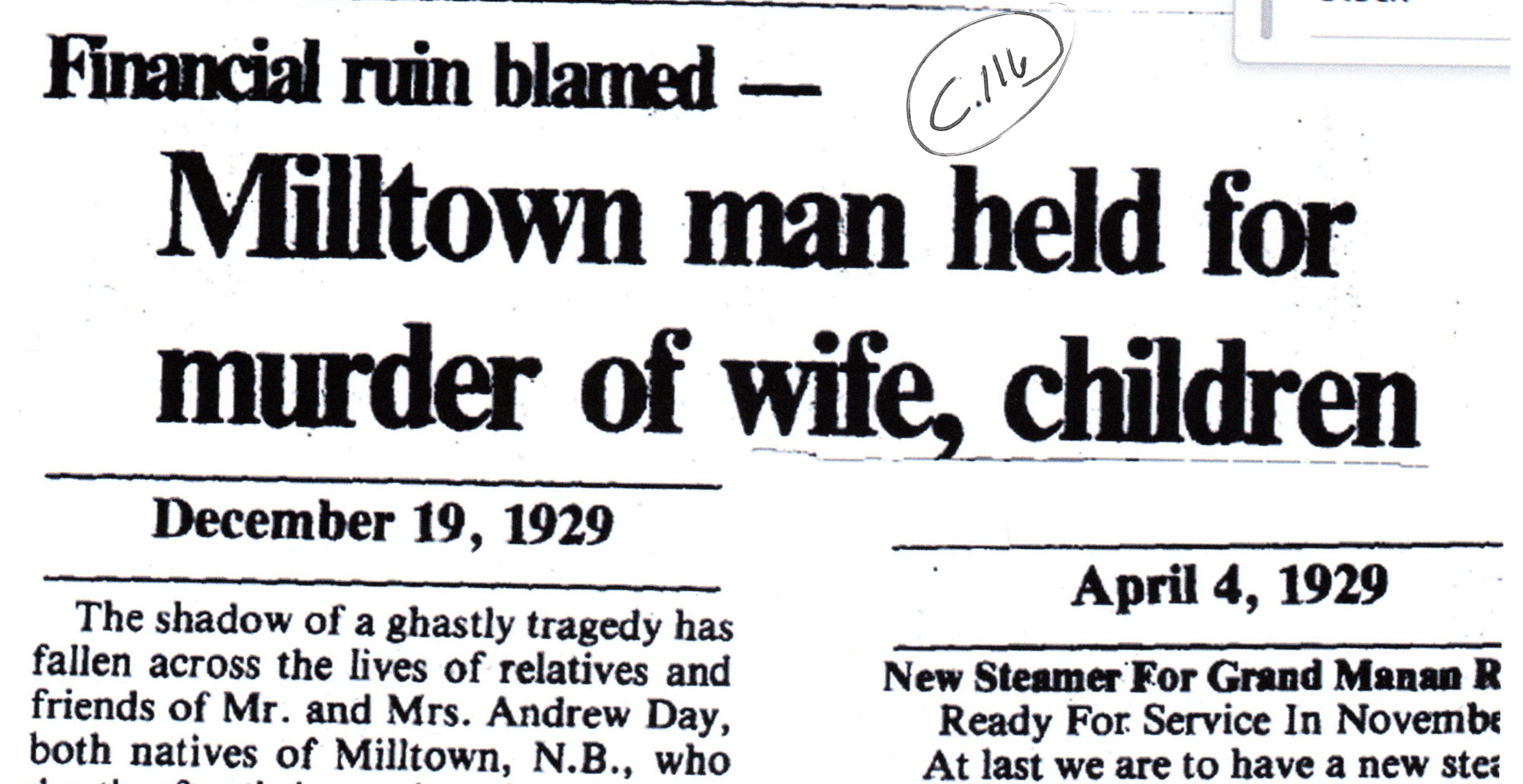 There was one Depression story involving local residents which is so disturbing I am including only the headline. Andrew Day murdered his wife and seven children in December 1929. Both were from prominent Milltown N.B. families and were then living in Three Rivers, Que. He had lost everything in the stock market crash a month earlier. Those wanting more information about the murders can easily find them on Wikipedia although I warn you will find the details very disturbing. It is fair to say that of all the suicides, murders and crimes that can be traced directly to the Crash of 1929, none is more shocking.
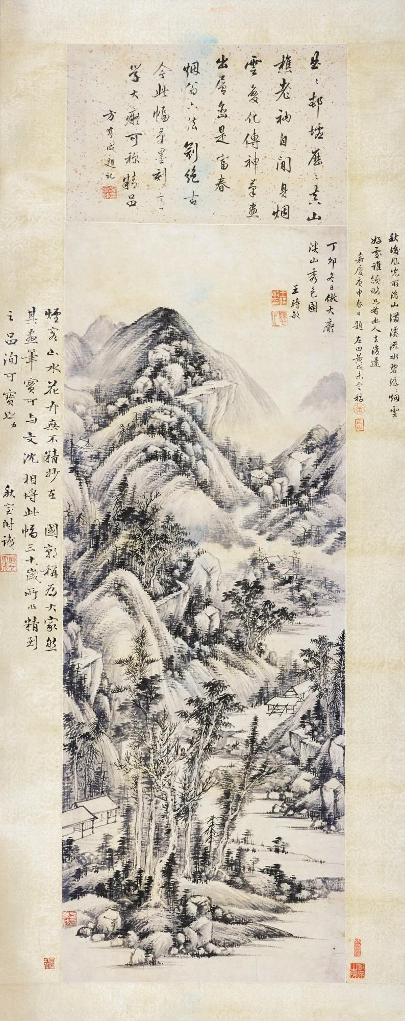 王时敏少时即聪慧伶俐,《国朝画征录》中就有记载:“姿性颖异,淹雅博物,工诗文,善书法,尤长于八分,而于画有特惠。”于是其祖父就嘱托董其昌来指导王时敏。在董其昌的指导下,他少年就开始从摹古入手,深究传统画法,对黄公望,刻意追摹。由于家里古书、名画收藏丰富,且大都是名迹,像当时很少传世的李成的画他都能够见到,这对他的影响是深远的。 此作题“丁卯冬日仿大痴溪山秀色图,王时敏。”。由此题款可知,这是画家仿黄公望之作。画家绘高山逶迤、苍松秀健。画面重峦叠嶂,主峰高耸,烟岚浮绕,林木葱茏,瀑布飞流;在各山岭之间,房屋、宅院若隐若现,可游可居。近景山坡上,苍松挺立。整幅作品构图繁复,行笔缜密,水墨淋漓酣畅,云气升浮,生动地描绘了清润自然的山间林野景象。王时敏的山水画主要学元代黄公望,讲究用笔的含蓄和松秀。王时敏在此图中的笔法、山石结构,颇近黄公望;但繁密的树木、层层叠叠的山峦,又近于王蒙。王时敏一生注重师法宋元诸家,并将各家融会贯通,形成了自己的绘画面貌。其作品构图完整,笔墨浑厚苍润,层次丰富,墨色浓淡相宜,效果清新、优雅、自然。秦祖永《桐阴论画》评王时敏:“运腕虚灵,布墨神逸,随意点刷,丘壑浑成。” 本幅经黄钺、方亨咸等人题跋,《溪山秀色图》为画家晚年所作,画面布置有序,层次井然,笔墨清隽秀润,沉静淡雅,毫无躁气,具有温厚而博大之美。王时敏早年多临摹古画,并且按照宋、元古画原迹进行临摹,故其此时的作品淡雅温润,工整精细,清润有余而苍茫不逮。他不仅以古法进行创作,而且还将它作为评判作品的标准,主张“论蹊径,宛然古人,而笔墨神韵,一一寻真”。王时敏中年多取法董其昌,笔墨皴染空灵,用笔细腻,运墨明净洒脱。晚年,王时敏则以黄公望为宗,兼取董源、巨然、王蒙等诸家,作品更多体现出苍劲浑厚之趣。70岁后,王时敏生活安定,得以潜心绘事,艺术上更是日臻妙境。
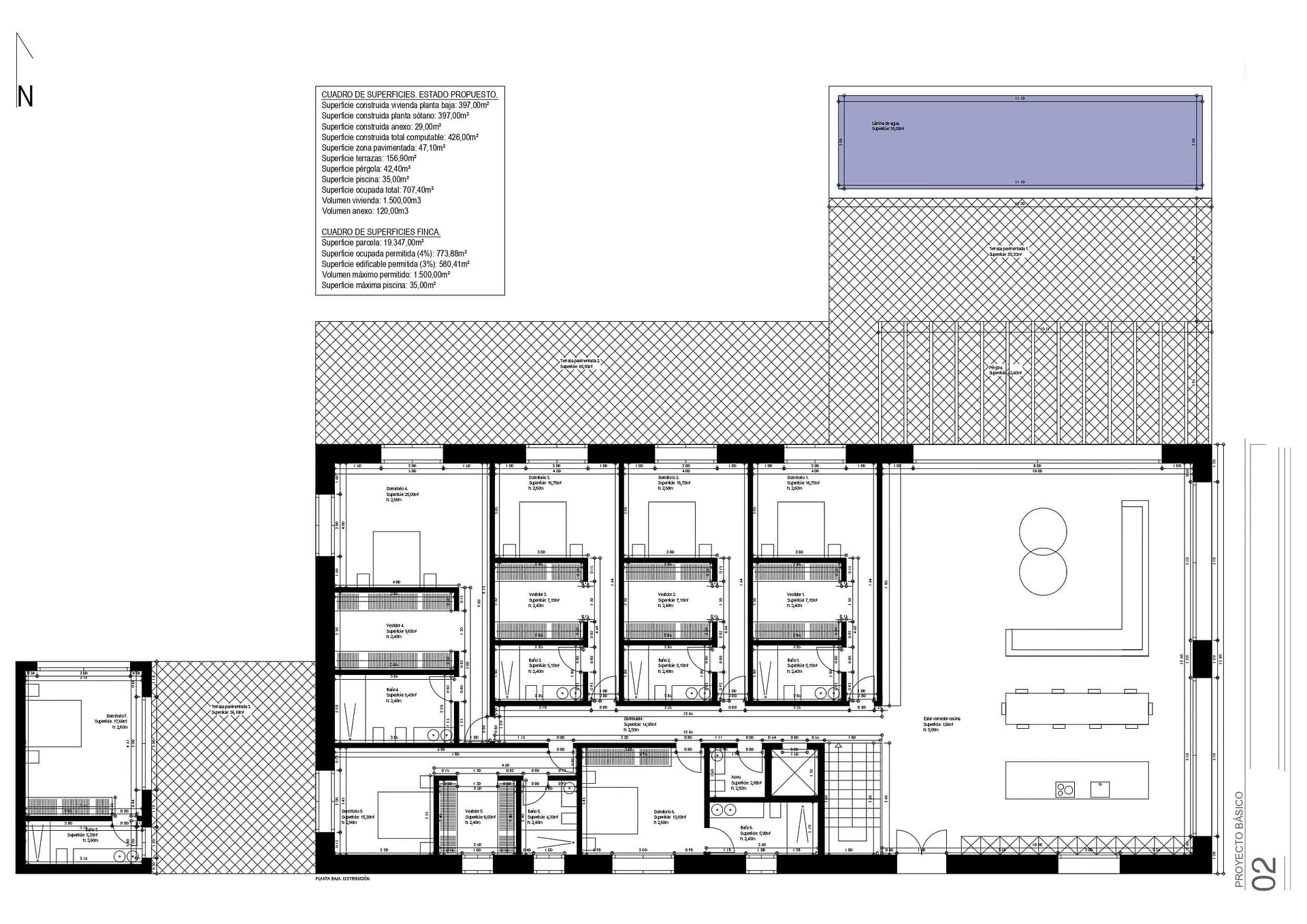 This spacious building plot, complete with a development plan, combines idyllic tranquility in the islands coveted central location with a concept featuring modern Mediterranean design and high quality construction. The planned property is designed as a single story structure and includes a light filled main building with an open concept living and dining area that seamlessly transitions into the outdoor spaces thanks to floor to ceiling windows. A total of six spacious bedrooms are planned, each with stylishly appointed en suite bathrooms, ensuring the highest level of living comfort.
============
DESCRIPTION OF THE TASK
Give the listing above again in its entirety, exactly as written and free of images.

RESPONSE BELOW
 There was one Depression story involving local residents which is so disturbing I am including only the headline. Andrew Day murdered his wife and seven children in December 1929. Both were from prominent Milltown N.B. families and were then living in Three Rivers, Que. He had lost everything in the stock market crash a month earlier. Those wanting more information about the murders can easily find them on Wikipedia although I warn you will find the details very disturbing. It is fair to say that of all the suicides, murders and crimes that can be traced directly to the Crash of 1929, none is more shocking.
 王时敏少时即聪慧伶俐,《国朝画征录》中就有记载:“姿性颖异,淹雅博物,工诗文,善书法,尤长于八分,而于画有特惠。”于是其祖父就嘱托董其昌来指导王时敏。在董其昌的指导下,他少年就开始从摹古入手,深究传统画法,对黄公望,刻意追摹。由于家里古书、名画收藏丰富,且大都是名迹,像当时很少传世的李成的画他都能够见到,这对他的影响是深远的。 此作题“丁卯冬日仿大痴溪山秀色图,王时敏。”。由此题款可知,这是画家仿黄公望之作。画家绘高山逶迤、苍松秀健。画面重峦叠嶂,主峰高耸,烟岚浮绕,林木葱茏,瀑布飞流;在各山岭之间,房屋、宅院若隐若现,可游可居。近景山坡上,苍松挺立。整幅作品构图繁复,行笔缜密,水墨淋漓酣畅,云气升浮,生动地描绘了清润自然的山间林野景象。王时敏的山水画主要学元代黄公望,讲究用笔的含蓄和松秀。王时敏在此图中的笔法、山石结构,颇近黄公望;但繁密的树木、层层叠叠的山峦,又近于王蒙。王时敏一生注重师法宋元诸家,并将各家融会贯通,形成了自己的绘画面貌。其作品构图完整,笔墨浑厚苍润,层次丰富,墨色浓淡相宜,效果清新、优雅、自然。秦祖永《桐阴论画》评王时敏:“运腕虚灵,布墨神逸,随意点刷,丘壑浑成。” 本幅经黄钺、方亨咸等人题跋,《溪山秀色图》为画家晚年所作,画面布置有序,层次井然,笔墨清隽秀润,沉静淡雅,毫无躁气,具有温厚而博大之美。王时敏早年多临摹古画,并且按照宋、元古画原迹进行临摹,故其此时的作品淡雅温润,工整精细,清润有余而苍茫不逮。他不仅以古法进行创作,而且还将它作为评判作品的标准,主张“论蹊径,宛然古人,而笔墨神韵,一一寻真”。王时敏中年多取法董其昌,笔墨皴染空灵,用笔细腻,运墨明净洒脱。晚年,王时敏则以黄公望为宗,兼取董源、巨然、王蒙等诸家,作品更多体现出苍劲浑厚之趣。70岁后,王时敏生活安定,得以潜心绘事,艺术上更是日臻妙境。
 This spacious building plot, complete with a development plan, combines idyllic tranquility in the islands coveted central location with a concept featuring modern Mediterranean design and high quality construction. The planned property is designed as a single story structure and includes a light filled main building with an open concept living and dining area that seamlessly transitions into the outdoor spaces thanks to floor to ceiling windows. A total of six spacious bedrooms are planned, each with stylishly appointed en suite bathrooms, ensuring the highest level of living comfort.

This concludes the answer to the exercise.